In the beginning, the creator made Earth. But, being quite a fidgety man, he quickly became bored so he created a beautiful woman whom he called Nature.
‘Go now, Nature, and inhabit the Earth with your beauty,’ he told her.
A wonderful artist, she made beautiful plants, animals, oceans and, best of all, humans, who he found extremely amusing. However, the creator soon became bored of Nature too and decided to create a venomous spider that he called Death.
‘Go now, Death, and kill these boring things, so new ones can grow.’
And off went the spider, killing everything in its path. However, tiring of Nature and Death’s repetitive style, the creator decided to create some grains of sand which he called Time.
‘Go now, Time, and make some kind of narrative for this spectacle.’
So off went Time, creating beginnings, middles and ends for all things. However, little did the creator know that making linear Time would give birth to a giant serpent named History. Now, History, being his own master, did not want to follow the creator and decided to lock him up and convince Death that the creator was weak and had rubbish ideas of fun.
‘I have a better idea,’ he said to Death one day. ‘Let’s toy with Nature and Time a bit.’
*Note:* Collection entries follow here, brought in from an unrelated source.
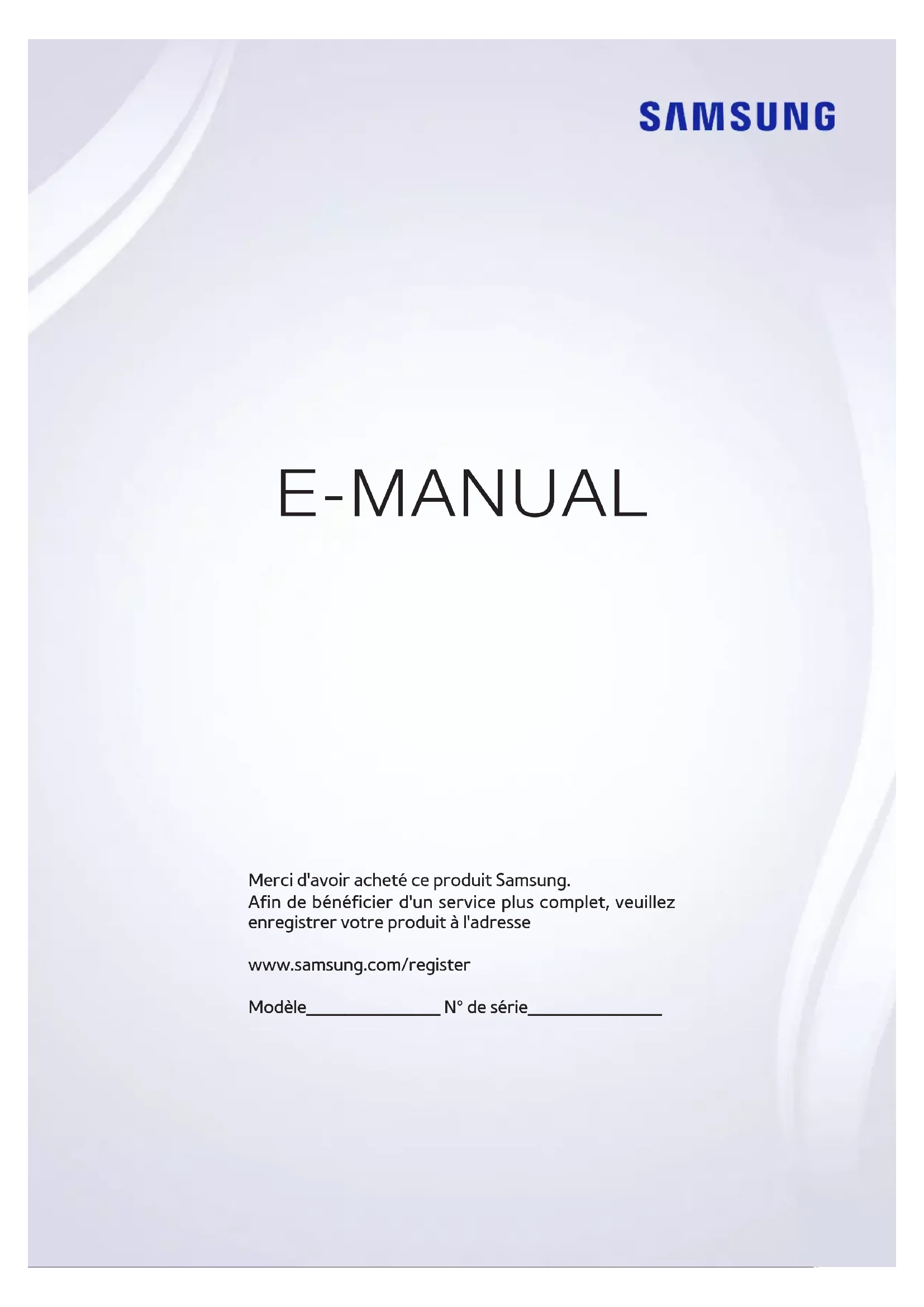 E-MANUAL Merci d'avoir acheté ce produit Samsung. Afin de bénéficier d'un service plus complet, veuillez enregistrer votre produit à l'adresse www.samsung.com/register Modèle______________ N° de série______________Contenu Connexion de l'antenne et de périphériques externes Connexion - Avec antenne Connexion de périphériques vidéo 3 Connexion - HDMI 4 Connexion - Composant 5 Connexion - Entrée externe 6 Connexion - Péritel Utilisation des haut-parleurs externes pour écouter la télévision 8 Connexion - Audio numérique (Optique) 9 Connexion - Sortie audio Connexion à un ordinateur 11 Connexion - Port HDMI 12 Connexion - Port HDMI (DVI) 13 Connexion - Réseau domestique Connexion à l'aide d'un périphérique mobile 15 Connexion - Câble MHL vers HDMI 16 Ecran du périphérique mobile sur le téléviseur (Réplication de l'écran) 17 Connexion de périphériques mobiles sans routeur sans fil (Wi-Fi Direct) 17 Connexion - Réseau domestique 18 Nom du téléviseur sur le réseau Sélection du signal d'entrée Utilisation d'une télécommande et de périphériques Commande du téléviseur à l'aide d'un clavier 19 Connexion d'un clavier 19 Utilisation du clavier Commande du téléviseur à l'aide d'une souris 21 Connexion d'une souris 22 Utilisation de la souris Saisie de texte à l'aide d'un clavier QWERTY 23 Utilisation des autres fonctions Connexion Internet Mise en place d'une connexion câblée à Internet 24 Connexion d'un câble LAN 25 Connexion automatique à un réseau Internet câblé 25 Connexion manuelle à un réseau Internet câblé Mise en place d'une connexion sans fil à Internet 27 Connexion automatique à un réseau Internet sans fil 28 Connexion manuelle à un réseau Internet sans fil 29 Connexion à un réseau Internet sans fil avec WPS Résolution des problèmes de connectivité Internet 30 Résolution des problèmes de connectivité Internet câblé 31 Résolution des problèmes de connectivité Internet sans fil Réseau mobile 32 Nom de modèle et services de télécommunications pris en charge Vérification de l'état de la connexion Internet IIFonctions Smart Smart Hub 34 Test de la connexion Smart Hub 35 Ouverture de l'Barre d'accès rapide 36 Accès à l'écran Panneau 36 Utilisation du Didacticiel Smart Hub 36 Réinitialisation de Smart Hub Utilisation de Smart Hub avec Compte Samsung 37 Création d'un Compte Samsung 39 Connexion au Compte Samsung 40 Liaison de mes comptes Samsung et d'application 41 Modification et ajout d'informations à un Compte Samsung 41 Suppression de tous les comptes Samsung du téléviseur 42 Utilisation des fonctions du menu contextuel 43 Installation d'une application 44 Applications par défaut 44 Utilisation de Web Browser 47 Réorganisation des applications dans l'écran SAMSUNG APPS 48 Suppression d'une application du téléviseur 48 Notation/évaluation d'une application 49 Mise à jour d'une application 49 Fonctionnalités SAMSUNG APPS Lecture de vidéos, de photos et de musique 51 Lecture de contenu multimédia à partir d'un périphérique USB 52 Lecture de contenu multimédia enregistré sur un ordinateur/ périphérique mobile 53 Affichage de photos 54 Lecture de vidéos 56 Lecture de musique 57 Fonctions de l'écran Liste de contenu multimédia Fonctions de visionnage de programmes télévisés Informations sur les diffusions numériques en bref 58 Utilisation du Guide 59 Consultation des informations sur les programmes actuels 59 Changement de signal de diffusion 59 Informations relatives au signal numérique et intensité Configuration d'un Programmer visionnage 60 Configuration d'Programmer visionnage 61 Gestion de la liste Programmer visionnage Utilisation du Liste des chaînes Enregistrement, suppression et modification de chaînes 63 Enregistrement et suppression de chaînes 63 Modification de chaînes enregistrées 64 Activation/désactivation de la protection par mot de passe sur des chaînes 64 Modification des numéros 64 Verrouillage/déverrouillage des chaînes 64 Modif. num. chaîne Création d'une Liste des favoris personnelle 65 Enregistrement d'une chaîne comme Favoris 66 Affichage des chaînes de la Liste des favoris uniquement 66 Modification d'une Liste des favoris Accentuation du réalisme des manifestations sportives 69 Activation du Mode Sport 69 Utilisation du Mode Sport (pour la Russie) 70 Fonctions disponibles en Mode Sport Mode Cinéma africain 70 Utilisation du Mode Cinéma africain Fonctions de prise en charge du visionnage de programmes télévisés 71 Affichage des sous-titres 71 Options de sous-titre 72 Modification de la Langue du télétexte 72 Texte numérique 73 Visionnage de programmes en mode PIP 74 Recherche des chaînes disponibles 75 Sélection des options audio du programme 75 Description audio 75 Sélection du genre 75 Activ. genre adulte II IIIUtilisation du Paramètres chaînes 76 Pays (zone) 76 Recherche manuelle 77 Réglage précis de l'écran 78 Transf. liste chaînes 78 Supprimer profil opérateur CAM 78 Système satellite 80 Interface commune Réglages de l'image et du son Changement du mode d'image et réglage de la qualité d'image 81 Choix du mode d'image le mieux adapté à l'environnement télévisuel 82 Réglage de la qualité de l'image de chaque mode d'image 83 Réglage précis de chaque mode d'image (Paramètres avancés) 85 Réglage de l'image pour faciliter le visionnage (Options d'image) Fonctions de prise en charge des images 86 Visionnage de programmes en mode PIP 87 Changement des options Format de l'image et Position 88 Diffusion du son seulement avec écran éteint (Image désactivée) 88 Réinitialisation des paramètres Mode Image Changement de Mode Son et utilisation d'effets sonores 89 Choix du Mode Son le mieux adapté à l'environnement 90 Utilisation d'effets sonores Fonctions de prise en charge du son 91 Choix des haut-parleurs 91 Désignation du type d'installation du téléviseur 91 Activation du son (Paramètres supplém.) 92 Réin
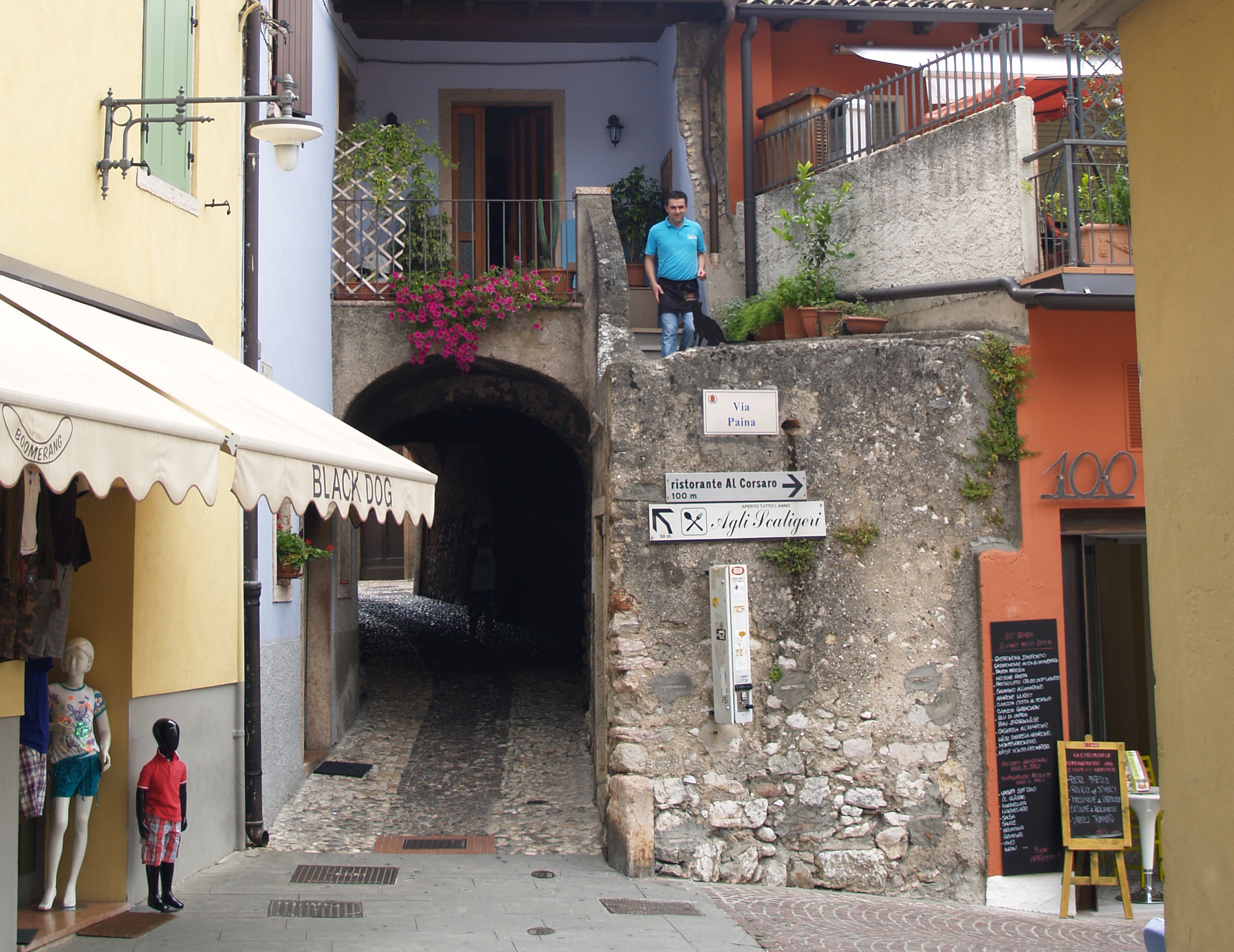 Authentiek straatbeeld in het oude hart van Malcesine, aan het Gardameer in Italië
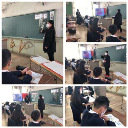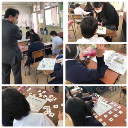 六反中学校の先生が小学校に来てくださって、外国語を子どもたちとともに学習をしています。その様子を、大阪市教育委員会から指導主事先生が見に来てくださいました。1時間目は5年生です。
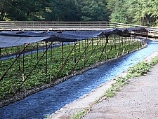 Wasabi (ワサビ or 山葵) is a root vegetable known in English as Japanese horseradish. It is most famous in the grated form of a green paste used as condiment for sashimi (raw seafood) and sushi. However, wasabi is also used for many other Japanese dishes. In supermarkets, wasabi is available as a paste or in powder form. Wasabi powder has to be mixed with water to become a paste. Wasabi has a strong, hot flavor which dissipates within a few seconds and leaves no burning aftertaste in one's mouth.
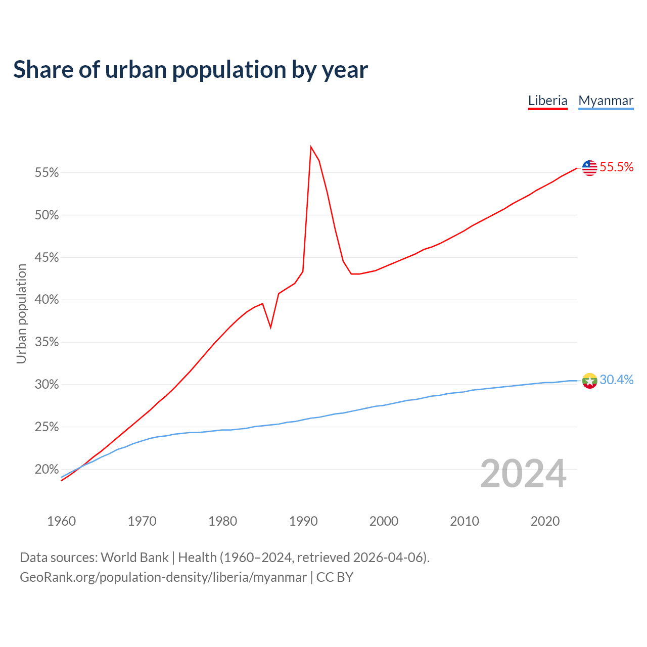 From 2006 to 2026, population density in Liberia increased by 67.6%, compared to a 15.7% growth in Myanmar.

‘OK,’ said Death, who had been bored as anything for millennia.
Together they chased Time, but found it virtually impossible to catch him – him being made of sand. History was very cunning, however, and produced a glass container that went in at the middle, which he polished and polished until it became invisible.
‘Death, you chase him down that narrow alley and I will trap him in this container at the other end,’ he said.
‘OK,’ said Death, who hadn’t had this much excitement since the beginning of Time. So, the spider chased after the sand, laughing like a maniac, until they reached the alley where History was waiting to pounce.
‘Got you, you little bastard!’
Time jumped around in the glass container, screaming and shouting in his little voice, but he soon grew weary and fell asleep, snoring softly, never to awake again.
‘Now for my final trick, ladies and gents!’ History cried. He turned the container upside down and the sand trickled slowly through the narrow passage to the other side. And when the grains of sand reached the bottom, he turned it over again. Death’s smile faded as the gravity of what they had done slowly dawned on him.
‘You…you’ve made linear Time cyclical!’ He said.
‘Exactly! I, History, shall repeat forever and ever, no matter how many times Nature defeats me, ha ha ha!’
Then something unexpected happened: the serpent’s tail began to twitch, just a little at first but then more and more violently, until he found himself fighting desperately with it. Death looked on in horror as the tail finally prevailed, proceeding to force itself down its owner’s throat: History was doomed to spend the rest of eternity eating his own tail.
Death sighed and scuttled off to bed, destined to be bored for the rest of eternity, his only companions an Ouroboros and an hourglass.